Feit-Thompson (1963): every group of odd order is solvable. The proof runs over 250 pages and was the spark that started the classification of finite simple groups.

The two cited theorems show how much group theory has to say about which groups are solvable. For our purposes, the relevant fact is that solvability is a local property of finite groups that you can check by chasing normal subgroups — exactly the kind of question that responds to the Sylow theorems.

Theorem (Galois). $f(x) \in K[x]$ is solvable by radicals over $$K$$ iff its Galois group $\mathrm{Gal}(L/K)$ (where $$L$$ is the splitting field of $$f$$ ) is a solvable group.

The forward direction is the hard part. The idea: a tower of radical extensions has Galois group built up from cyclic pieces (each $\sqrt[n]{a}$ generates a cyclic-Galois extension once you have enough roots of unity), and “built up from abelian pieces” is exactly the definition of solvable. So if $$f$$ is solvable by radicals, $\mathrm{Gal}(L/K)$ embeds in a solvable group, hence is solvable. The converse is also true and slightly more constructive: a solvable Galois group can be unwound into radical extensions.

Why this matters. The statement turns the question “is there a closed-form solution?” into a finite combinatorial check on a finite group. Once you know the Galois group, you know whether radicals suffice — and if they suffice, you know the chain of radicals to use.
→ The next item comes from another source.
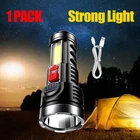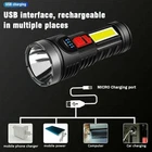 ↵ Specifications: 1. Type: Handheld Flashlight 2. Material: ABS 3. Shell Color: Black 4. Light Color : White 5. Power Supply: Built-in Rechargeable Battery 6. Size: 145.5 * 57mm 7. Switch Type: Click 8. Modes: 4-Modes(Strong light-Low light-Strobe-COB side light) 9. Battery Capacity: 1200mAh 10.Waterproof Grade: IPX4 Â Waterproofing design, but don't deep it into water. Â Package Included: 1x LED Flashlight 1x USB Charging Cable Super Bright 5500000LM 4-Modes COB Torch USB Rechargeable Flashlight Spotlight Product Description Durable to Use with Great Performance: High-quality and high-strength ABS material, large aluminum reflector, high light-gathering performance, enhanced long-distance effect, can emit comfortable and smooth spots. Attention: You need get it fully charged before use. Fast Heat Dissipation: Thick aluminum lamp cup, large area heat dissipation design. USB Rechargeable: Micro USB charging port, supports multiple charging methods, making charging more convenient. Four-level Real-time Power Display: Charging indication, the blue light flashes when charging and stops flashing after fully charged. 4 Lighting Modes: 4 Different modes: Strong light-Low light-Strobe-COB side light. It can service as a front flashlight or turn on the side light as a table light. Easy to change modes by pressing the switch button gently. Fits in your hand or pocket, backpack, survival bag, or car glove compartment. Built-in Large-capacity Battery: Built-in 1200mAH rechargeable lithium battery allows this flashlight to provide long-lasting illumination. Waterproof Design: IPX4 Waterproof level protect it from splashing water from any angle. Suitable for outdoor environment and adverse weather conditions, but cannot be immersed in water. Please do not submerge in water for a long time. Widely Application: Convenient to operate by one hand, and compact enough to carry to anywhere in your pocket. Ideal for work, reading, night walking, running, hunting, boating, power outages, patrolling, cycling, camping, hiking, fishing, emergency,cavingand other outdoor activities. Perfect gift for a father, husband, wife, or college student for any occasion. If you have any question, please feel free to contact us, we promise you a refund/replace anyway. Specifications: 1. Type: Handheld Flashlight 2. Material: ABS 3. Shell Color: Black 4. Light Color : White 5. Power Supply: Built-in Rechargeable Lithium Battery 6. Size: 145.5 * 57mm 7. Switch Type: Click 8. Modes: 4-Modes(Strong light-Low light-Strobe-COB side light) 9. Battery Capacity: 1200mAh 10.Waterproof Grade: IPX4 Waterproofing design, but don't deep it into water. Package Included: 1x LED Flashlight 1x USB Charging Cable

A useful slogan: “radical extensions are exactly the cyclic-step Galois extensions, after enough roots of unity have been adjoined.” The “enough roots of unity” caveat is real — over $\mathbb{Q}$ , the extension generated by one $$n$$ -th root is not Galois until you also throw in $\zeta_n$ — but it is a clean, separable adjustment, and the resulting picture is that “radical” means “tower of cyclic.” Hence solvability of the Galois group is exactly what makes the radical tower possible.

The proof of solvability $\Leftrightarrow$ radicals also gives a recipe. If $$G$$ is solvable with derived series $G = G_0 \supseteq G_1 \supseteq \cdots \supseteq G_n = 1$ , the corresponding tower of fixed fields gives you the chain of radicals: each $G_i / G_{i+1}$ is abelian, hence (after adjoining roots of unity) cyclic, and a cyclic extension is generated by a single radical (Hilbert 90). So solvability is not just a yes/no answer; it is a recipe for the formula.

The Insolvability of the General Quintic#

For the general polynomial of degree $$n$$ — the one with indeterminate coefficients, $f(x) = x^n + a_{n-1}x^{n-1} + \cdots + a_0$ over $K = \mathbb{Q}(a_0, \ldots, a_{n-1})$ — the Galois group is $$S_n$$ . (This is essentially because no algebraic relations hold among the roots beyond what is forced by the symmetric functions.)

The unsolvability of the general quintic

Corollary. The general polynomial of degree $$n$$ is solvable by radicals iff $$S_n$$ is solvable iff $n \leq 4$ .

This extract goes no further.